Working archive / edition 02

From Flash websites to AI products.

HAAM history is not a straight line of newer tools replacing older ones. It is a record of changing ideas about what digital work can feel like, who it serves, and how it stays useful.

Colorful illustrated Silk Sushi Bar homepage showing several Tallinn restaurant locations
Recovered homepage preview sent to the client, October 2009.

Archive object 001 / recovered source material

Silk Sushi Bar

Silk was an evolving Adobe Flash experience for a Tallinn sushi restaurant chain. The earliest recovered correspondence shows the colorful animated site was already live by April 2007.

Over the next four years it grew through new illustrated locations, characters, mobile concepts, menu updates, and online-ordering proposals. The archive turns Silk from a single nostalgic screenshot into a record of how one digital world adapted as the web changed around it.

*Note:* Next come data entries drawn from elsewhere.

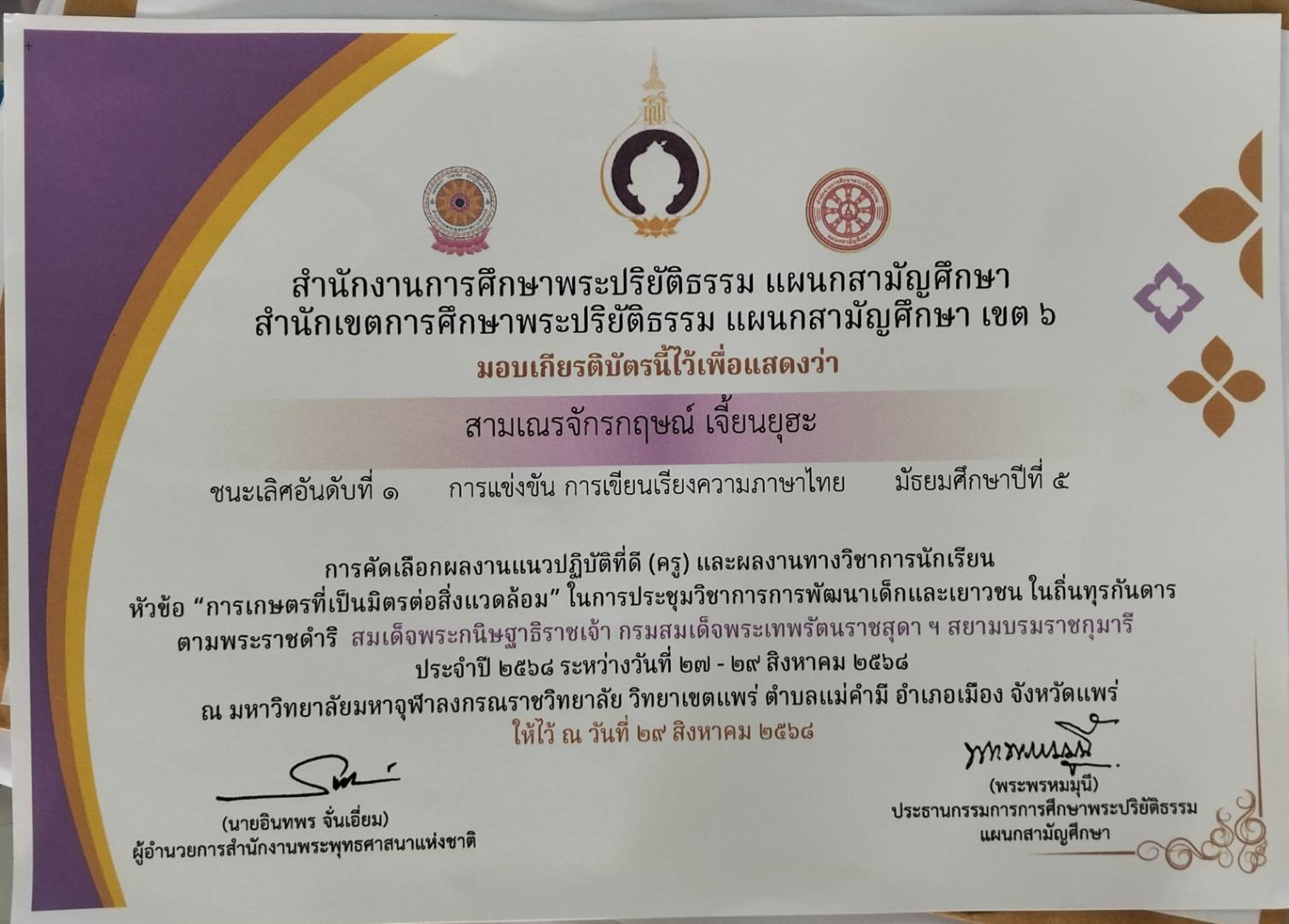 สำนักเขตการศึกษาพระปริยัติธรรม แผนกสามัญศึกษา เขต ๑๓ ขอกราบแสดงความยินดีกับสามเณรจักรกฤษ์ เจี้ยนยุฮะ ระดับชั้นมัธยมศึกษาปีที่ ๕ ที่ได้รับรางวัล ชนะเลิศอันดับ ๑ การแข่งขันเรียงความภาษาไทย ในกิจกรรมการคัดเลือกผลงานแนวปฏิบัติที่ดี และผลงานทางวิชาการนักเรียน ในหัวข้อ การเกษตรที่เป็นมิตรต่อสิ่งแวดล้อม ในการประชุมวิชาการพัฒนาเด็กและเยาวชน ในถิ่นทุรกันดารตามพระราชดำริ สมเด็จพระกนิษฐาธิราชเจ้า กรมสมเด็จพระเทพรัตนราชสุดา ฯ สยามบรมราชกุมารี ประจำปี ๒๕๖๘ ระหว่างวันที่ ๒๗-๒๙ สิงหาคม ๒๕๖๘ ณ สนามแข่งขันมหาวิทยาลัยมหาจุฬาลงกรณราชวิทยาลัย วิทยาเขตแพร่ |
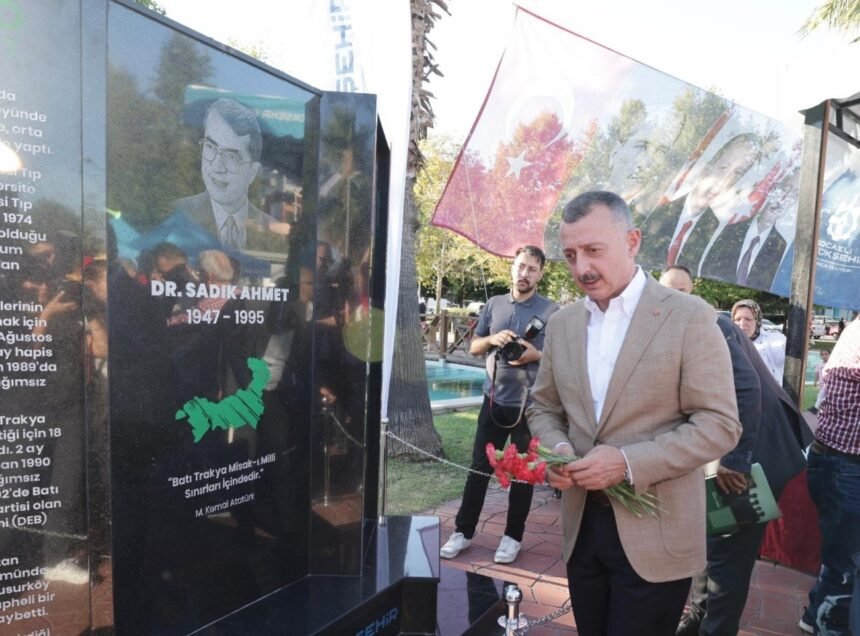 Batı Trakya Türklerinin unutulmaz lideri Dr. Sadık Ahmet, Kocaeli’de unutulmuyor. Bu kapsamda Kocaeli Büyükşehir Belediyesi ve Batı Trakya Türkleri Dayanışma Derneği İzmit Şubesinin öncülüğündeki 13 STK’nın düzenlediği etkinlikte, Doğu Kışla Parkı’na inşa edilen Dr. Sadık Ahmet Anıtı’nın açılışı gerçekleştirildi. Yunanistan’da Batı Trakya Türklerinin hakları için verdiği mücadeleyle tanınan Dr. Sadık Ahmet’in hatırasını yaşatmak için Büyükşehir tarafından inşa edilen anıtın açılışına Kocaeli Büyükşehir Belediye Başkanı Tahir Büyüakın, Dr. Sadık Ahmet’in eşi Işık Ahmet, Batı Trakya Türkleri Dayanışma Derneği Genel Başkanı Hasan Küçük, Batı Trakya Türkleri Dayanışma Derneği İzmit Şubesi Başkanı Yüksel Öztürk, Kocaeli Kent Konseyi Başkanı Ali Korkmaz, Siyasi Parti İl Başkanları, STK temsilcileri ve vatandaşlar katıldı.
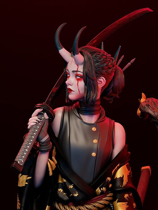 The figure showcases exquisite detailingāfrom the flowing kimono adorned with intricate patterns to the sharp katana and horned headpiece that adds a supernatural edge. The swirling base, tree elements, and atmospheric red accents create a cinematic scene that feels both serene and intense.
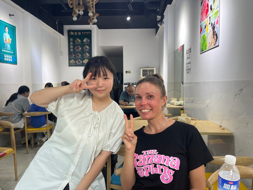 Shawan was fun to walk around. We were greeted warmly and called out to, the most amusing being a minibus full of firefighters. We arrived just as a little night market was setting up. Naturally we feasted on barbecue before finding a tasty ice powder dessert. A collection of glutinous rice, chewy bits and a caramel sauce.
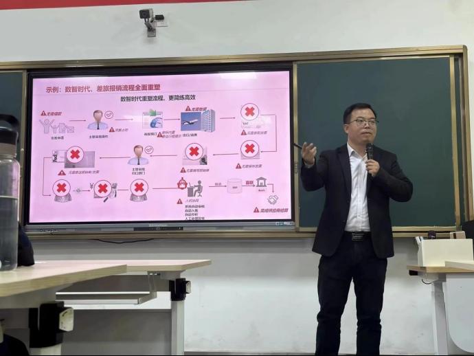 本次论坛分为主会场和分会场,其中,财经学院分论坛于11月25日下午14:00-15:30在行知楼124、125、128教室召开。在124教室,主讲人陈琨鹏开展了“智能财务,洞见未来”专题讲座,讲述了他对数智化时代财务管理的见解。
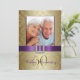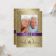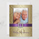 Celebre o seu aniversário de casamento com estilo com estes convites elegantes com efeito dourado para o 50º aniversário de casamento no estilo damasco com a cor roxa. Estes convites elegantes são uma mistura maravilhosa de tradicional e moderno. Na frente do cartão, substitua a foto de amostra pela sua foto como casal agora ou adicione a foto do seu casamento de 50 anos atrás. A arte gráfica dá a este cartão um visual 3D, embora a fita de cetim, o broche de diamante e o número 50 dourado sejam apenas imagens impressas no cartão. Por favor, encomende em papel branco simples como mostrado, para que todos os detalhes do design se destaquem. No verso, adicione os detalhes do convite para a festa de 50º aniversário e o texto de RSVP. Este cartão NÃO vem com quaisquer enfeites. Tudo o que vê é impresso numa superfície plana do cartão. Gostaria de uma cor de fita diferente ou ajuda com o design do seu convite? Por favor, contacte luxuryweddinginvitations

Adobe Flash2007 to 2011Art directionMobile adaptation

Recovered artifacts

The project kept changing shape.

These are original project previews recovered from the email archive, presented with their dates and known production context.

Illustrated Silk Sushi Bar website concept showing several Tallinn restaurant locations at night

February 2008

Viru location redesign

A recovered client preview for the new Viru location. Art direction and site production: Kris Haamer. Illustration: Agne Lund.

Two early iPhone mockups showing a phone-friendly version of the Silk Sushi Bar website

October 2009

Phone-friendly static concept

A mobile adaptation proposed while the main experience still relied on Flash, anticipating the need for a simpler parallel interface.

Archive evidence

Four years of adaptation, visible in the correspondence.

  1. April 2007

    The animated site is already live

    Customer correspondence describes the new website as colorful and moving, while also noting that its fast sushi carousel made ordering difficult. The tension between atmosphere and utility was visible from the start.

  2. February 2008

    The world expands for Viru

    A new city scene was art-directed for the Viru restaurant, with separate illustrated locations, characters, navigation layers, and an intentionally heightened urban mood.

  3. October to November 2009

    Mobile and ordering enter the system

    Recovered files show a phone-friendly static version, a revised illustrated homepage, and work toward web-shop and ordering features.

  4. 2011

    The project remains active

    Menu updates and online-ordering proposals continued, showing Silk as a long-running digital environment rather than a one-off launch.

What the artifact keeps

The old technology is gone. The design questions are not.

01

Atmosphere before templates

The site expressed the feeling of a venue through illustration, animation, characters, and navigation rather than treating the restaurant as a menu plus contact details.

02

Art direction as a system

Each restaurant location became part of a shared visual world. The archive reveals iterative collaboration across client feedback, illustration, interface design, animation, and production.

03

Expression had to meet utility

The same motion that made Silk memorable could make ordering harder. Later mobile and commerce concepts show the project adapting as user expectations and devices changed.

Selected timeline

The practice keeps changing shape.

Enter the museum
  1. Early 2000s

    The web as crafted media

    HAAM began when websites were often treated as authored digital spaces rather than standardized product surfaces. Motion, sound, unusual navigation, and strong visual identities were part of the medium.

  2. 2007 to 2011

    Silk Sushi Bar and the Flash-era web

    Silk.ee evolved from a colorful animated restaurant experience into location-specific illustrated worlds, a phone-friendly static concept, and proposals for online ordering. Surviving correspondence shows the site was already live in April 2007 and remained active through 2011.

  3. 2014 to 2017

    Cultural institutions become systems

    Projects expanded from expressive sites into publishing platforms, event ecosystems, and visitor tools. The work increasingly had to balance identity with maintainability, multilingual content, and real institutional workflows.

  4. 2016 to 2018

    Public stories and collective action

    Film, talks, campaigns, and civic participation pushed the practice beyond conventional client websites. Digital work became a way to connect local stories with wider audiences and coordinated action.

  5. 2020s

    Products, accessibility, and AI

    The studio now works across research, interaction design, production code, accessibility, analytics, sustainability, and human-guided AI. The tools changed, but the central question stayed the same: what form should an idea take so people can actually use it?

History is being reconstructed from original project files, screenshots, correspondence, business records, and living memory.